10 Solusi Mengatasi Layar Laptop Bergaris dan Berkedip

Ringkasan Cepat:

  • Layar laptop bergaris dan berkedip bisa disebabkan driver VGA, refresh rate, resolusi, Windows error, fleksibel, LCD, RAM, GPU, atau motherboard.
  • Cek apakah garis dan kedipan muncul sejak logo awal atau BIOS untuk membedakan masalah software dan hardware.
  • Gunakan monitor eksternal untuk mengetahui apakah masalah berasal dari layar internal, fleksibel, GPU, atau motherboard.
  • Jika garis dan kedipan berubah saat layar digerakkan, fleksibel layar, konektor, atau engsel laptop perlu dicurigai.
  • Jika monitor eksternal ikut bergaris dan berkedip, cek driver VGA, suhu laptop, RAM, GPU, dan motherboard sebelum mengganti LCD.

Views: 144

Layar yang bergaris lalu ikut berkedip memang bisa membuat penggunaan laptop jadi tidak nyaman.
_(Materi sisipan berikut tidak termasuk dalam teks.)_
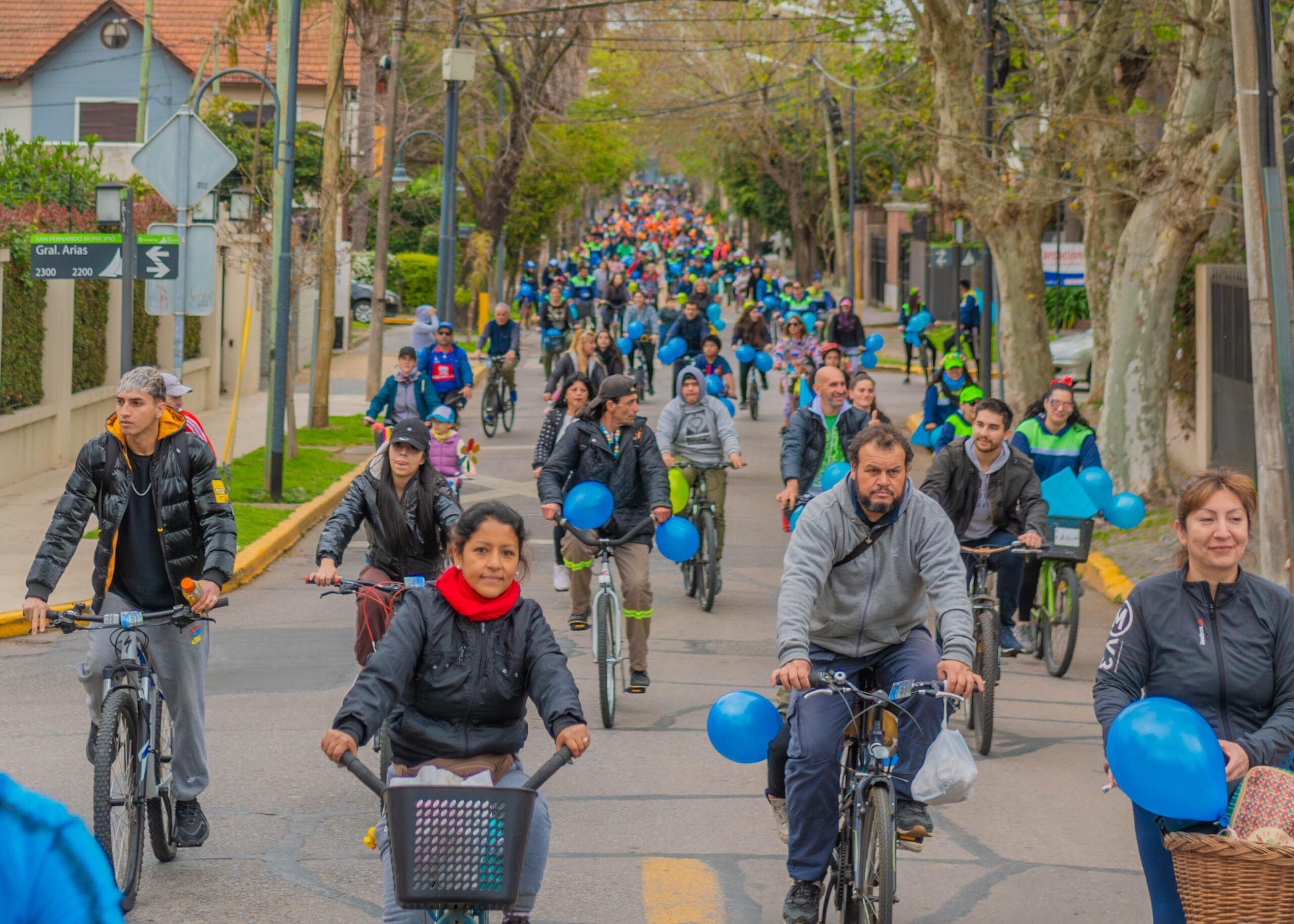 La mañana comenzó reuniendo a todos en las plazas ‘Mitre’ y ‘Dorrego’, y en los Polideportivos N°1, N°2, N°5, N°6, N°7, N°8 y N°9, cada grupo identificado con globos de diferentes colores. Hubo premios para bicis decoradas y familias disfrazadas. Luego partieron todos en caravana hasta el Parque Náutico, donde esperaban más profesores de Polideportivos con música, baile y sorteos de bicicletas.

Tampilan terasa kurang stabil, mata cepat lelah, dan aktivitas seperti mengetik, membaca, atau menonton jadi terganggu. Saat mengalami layar laptop bergaris dan berkedip, sebaiknya cek kondisinya secara bertahap sebelum langsung menyimpulkan layar rusak. Artikel ini akan membantu anda memahami kemungkinan penyebabnya dan langkah awal yang aman untuk dicoba.

1. Restart Laptop dan Amati Kapan Layar Mulai Bergaris dan Berkedip

Solusi pertama adalah restart laptop dan perhatikan kapan layar mulai bergaris serta berkedip. Langkah sederhana ini penting untuk membedakan apakah masalah berasal dari Windows, driver, atau hardware layar.

Langkahnya:

  1. Simpan pekerjaan yang masih terbuka.
  2. Klik Start.
  3. Pilih Power.
  4. Klik Restart.
  5. Amati layar sejak laptop mulai menyala.
  6. Perhatikan apakah garis dan kedipan muncul sejak logo merek laptop atau baru muncul setelah masuk Windows.
Kapan Layar Bergaris dan Berkedip? Kemungkinan Penyebab Arah Solusi
Baru muncul setelah masuk Windows Driver VGA, refresh rate, resolusi, Windows error Cek driver dan display settings
Muncul sejak logo awal LCD, fleksibel, GPU, RAM, motherboard Cek BIOS dan monitor eksternal
Muncul saat laptop panas Overheat, GPU, motherboard Cek suhu dan pendinginan
Berubah saat layar digerakkan Fleksibel, konektor layar, engsel Cek kabel layar dan engsel
Hilang setelah restart Glitch sementara pada driver atau Windows Pantau dan update driver jika sering kambuh

Jika garis dan kedipan hilang setelah restart, kemungkinan masalahnya hanya glitch sementara. Namun, jika muncul terus atau makin parah, lanjutkan ke solusi berikutnya.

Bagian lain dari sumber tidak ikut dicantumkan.